Charles followed her into the cottage.

Miss Patterdale, in happy unconsciousness of having timed her interruption inopportunely, greeted them with a nod, and said, addressing herself to Abby: “Well? Had a good time?”

“Lovely!” replied Abby.

“She can't very well say anything else,” Charles pointed out. “I was her host.”

“I don't suppose that would stop her. Have some gin!” said Miss Patterdale, supporting the character given her by her niece. “You'd better mix it yourself: I bought the things the man said people put in gin. I hope they're all right.”

Charles grinned, surveying the array of bottles set forth on the Welsh dresser. “Something for every taste. You have been going it, Aunt Miriam! Let's experiment!”

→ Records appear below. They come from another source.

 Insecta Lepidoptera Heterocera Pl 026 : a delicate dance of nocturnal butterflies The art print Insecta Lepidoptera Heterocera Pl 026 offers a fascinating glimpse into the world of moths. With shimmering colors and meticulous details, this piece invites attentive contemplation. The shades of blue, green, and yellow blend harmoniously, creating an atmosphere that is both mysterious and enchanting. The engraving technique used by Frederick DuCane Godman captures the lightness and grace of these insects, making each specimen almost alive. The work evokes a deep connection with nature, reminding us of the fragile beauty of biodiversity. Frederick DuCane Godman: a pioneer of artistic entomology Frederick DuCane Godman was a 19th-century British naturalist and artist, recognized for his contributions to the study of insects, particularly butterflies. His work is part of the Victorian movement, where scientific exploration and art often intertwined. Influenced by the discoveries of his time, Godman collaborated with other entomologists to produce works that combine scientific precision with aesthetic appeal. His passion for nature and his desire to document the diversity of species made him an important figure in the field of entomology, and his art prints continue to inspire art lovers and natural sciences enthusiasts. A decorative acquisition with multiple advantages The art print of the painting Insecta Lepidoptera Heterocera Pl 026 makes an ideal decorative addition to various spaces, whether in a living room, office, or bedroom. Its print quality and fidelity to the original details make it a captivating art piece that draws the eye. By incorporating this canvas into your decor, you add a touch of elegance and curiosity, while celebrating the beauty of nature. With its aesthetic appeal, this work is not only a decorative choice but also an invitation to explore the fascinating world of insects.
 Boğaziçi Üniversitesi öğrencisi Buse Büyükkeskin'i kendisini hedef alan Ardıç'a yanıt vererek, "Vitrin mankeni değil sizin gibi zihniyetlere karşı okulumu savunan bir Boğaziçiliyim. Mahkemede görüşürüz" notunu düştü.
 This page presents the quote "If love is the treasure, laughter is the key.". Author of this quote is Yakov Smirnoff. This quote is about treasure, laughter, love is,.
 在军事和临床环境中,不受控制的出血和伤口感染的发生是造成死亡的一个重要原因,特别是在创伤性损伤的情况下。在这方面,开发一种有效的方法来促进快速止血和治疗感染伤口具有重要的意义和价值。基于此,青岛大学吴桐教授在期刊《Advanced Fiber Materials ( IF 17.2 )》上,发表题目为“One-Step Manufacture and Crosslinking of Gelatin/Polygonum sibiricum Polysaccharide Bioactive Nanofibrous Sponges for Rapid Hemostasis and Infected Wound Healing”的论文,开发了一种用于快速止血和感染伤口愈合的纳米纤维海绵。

“What on earth is it?” asked Abby, presently receiving a glass from him, and cautiously sipping its contents.

“The discovery of the age. And a glass of nice, moderately pure orangeade for Aunt Miriam,” Charles said, putting a glass into Miss Patterdale's hand, and disposing his large person on the sofa beside her.

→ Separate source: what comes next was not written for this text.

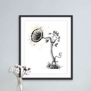 This illustration reimagines the eardrum and the three ear bones—the malleus, incus, and stapes—as a whimsical plant. The eardrum serves as the central bloom, with the intricate shapes of the ear bones forming elegant stems. Delicate leaves sprout from the ligaments, creating a harmonious blend of anatomy and nature. The hand-drawn pencil strokes add a raw, organic feel, making it a perfect piece for audiologists or ear medical professionals who appreciate both the science and art of hearing.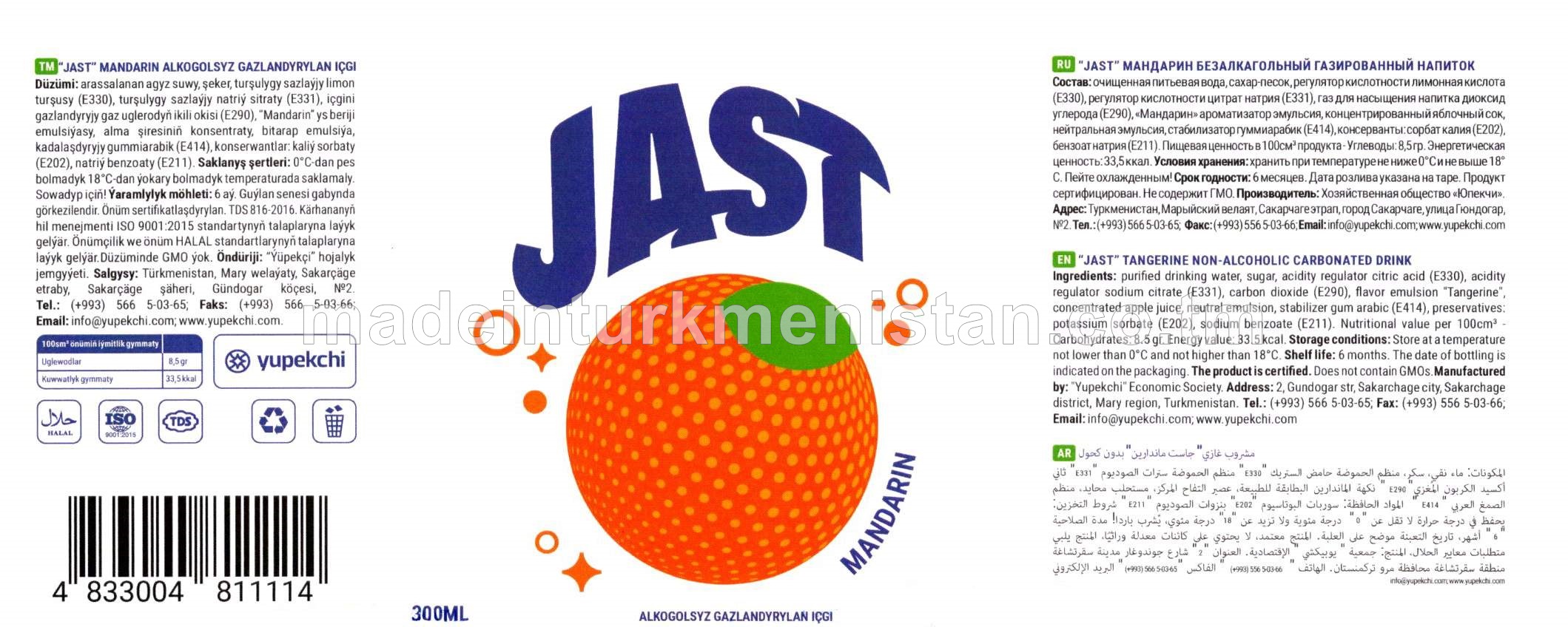 "JAST" mandarin alkogolsyz gazlandyrylan içgi

“You haven't put anything in it, have you?” said Miss Patterdale suspiciously.

“Of course I haven't! What do you take me for?”

Miss Patterdale regarded him with grim affection. “I'm not at all sure. You were one of the naughtiest little boys I ever encountered: that I do know!”

“That was before I came under your influence. Best of my Aunts.”

“Get along with you! Who was at your party? Besides Thaddeus Drybeck, and the Major! I know they were there.”

“Everyone was at our party, except you and Our Flora. In fact, it was the success of the season. The Major told us that Our Flora was expecting a litter. No, I don't mean that, though she looks so like an Ultima herself that I almost might.”

“Ullapool,” said Miss Patterdale. “I ran into Flora on the common, and she told me.”

“Ullapool!” exclaimed Charles reverently. “That's a new one on me, and it has my unqualified approval.”

“It isn't as good as Ultima Uplift,” objected Abby. “That's my favourite, easily!”

“What, more than Umbrella?” said Charles incredulously.

This, naturally, led to a lively discussion on the respective merits of all the more absurd names which Mrs. Midgeholme had bestowed on her Pekes. Miss Patterdale, entering into the argument, said in her incisive way: “You're both wrong. Ultima Urf was the best.”